CT colonography computer-aided detection is in an advanced stage of development39. Several small clinical trials have been published. A number of commercial and pre-commercial CAD systems have been developed and have undergone or are undergoing regulatory review. In “stand alone” CAD trials in the computer laboratory, as opposed to observer studies in which the performance of radiologists with CAD assistance is evaluated, the baseline sensitivities for detecting large (≥10 mm) polyps are as high as 85 – 100% with less than 10 false positives per patient 10, 12, 14, 40–42. These sensitivities reach or exceed those achieved by radiologists.

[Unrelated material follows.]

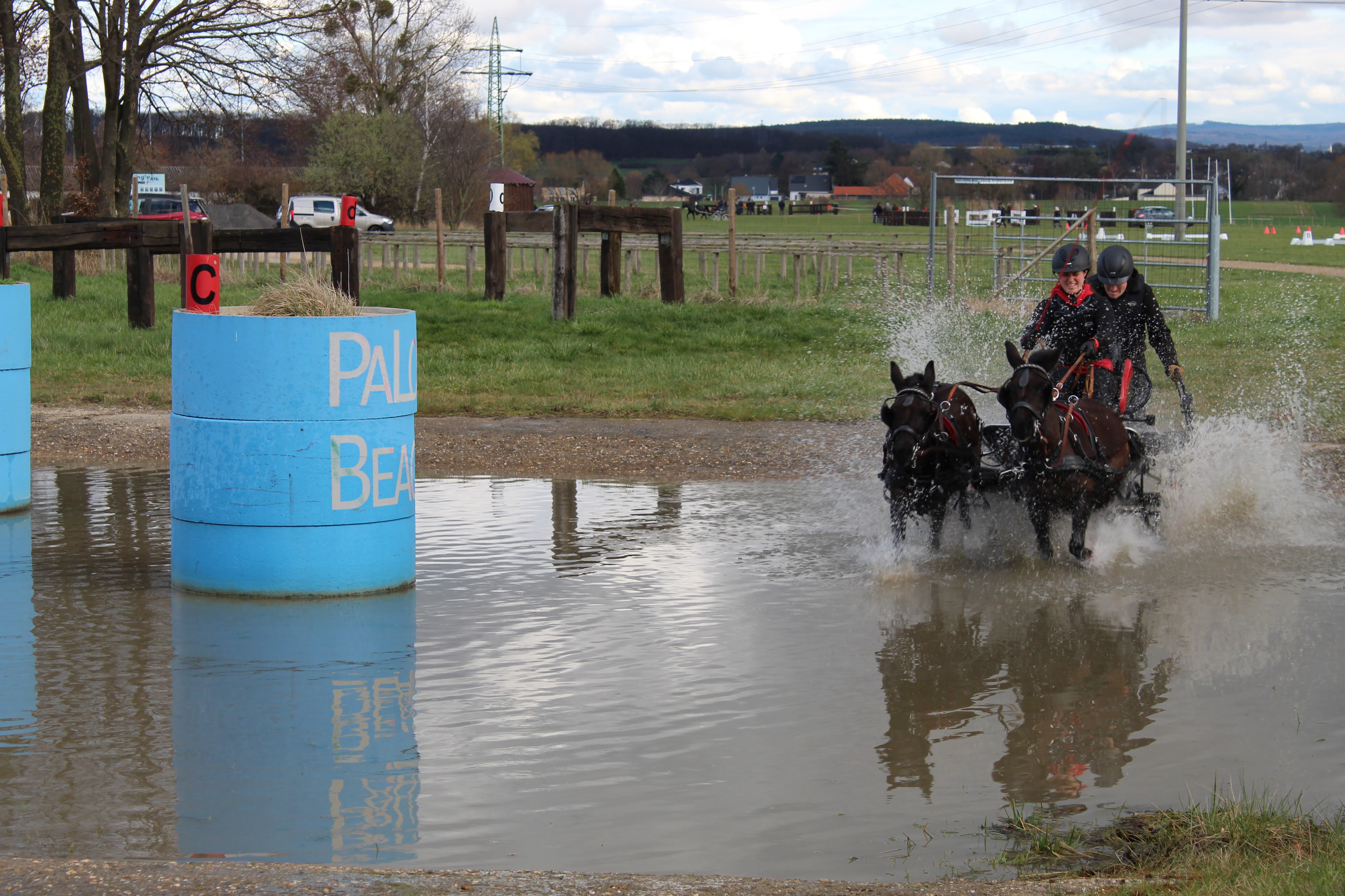 Am Ende des Tages durfte das Hindernis mit dem Wassergraben nicht fehlen. Hier sind unsere Gespanne ganz vorne dabei und testeten schon einmal die Wasserqualität, Wassertiefe und die Temperatur. So viel sei erwähnt – zum Baden ist es noch etwas zu kühl…

CAD has not yet been developed to handle the problem of extracolonic findings43–46. The multiplicity of potential sites and types of extracolonic findings makes it particularly difficult to develop a CAD system to detect them all.

Stand alone CAD Trials – Baseline Performance of CAD in the Laboratory

In 2005, Summers et al. published the results of a large stand alone CAD trial 14. The authors trained their CAD system on 394 patients’ CTC datasets and tested on 792 datasets, both sets taken from the Department of Defense screening CTC dataset reported earlier by Pickhardt et al. 2. The reference standard was segmentally-unblinded optical colonoscopy. For the test set, per-polyp and per-patient sensitivities for CAD were both 89.3% (25 of 28 polyps) for detecting retrospectively identifiable adenomatous polyps at least 1 cm in size. The false-positive rate was 2.1 per patient. The CAD system detected one cancer originally missed by the colonoscopists. At both 8-mm and 10-mm adenoma size thresholds, the per-patient sensitivities of CAD (85.4% and 89.3%, respectively) were not significantly different from those of optical colonoscopy before segmental unblinding.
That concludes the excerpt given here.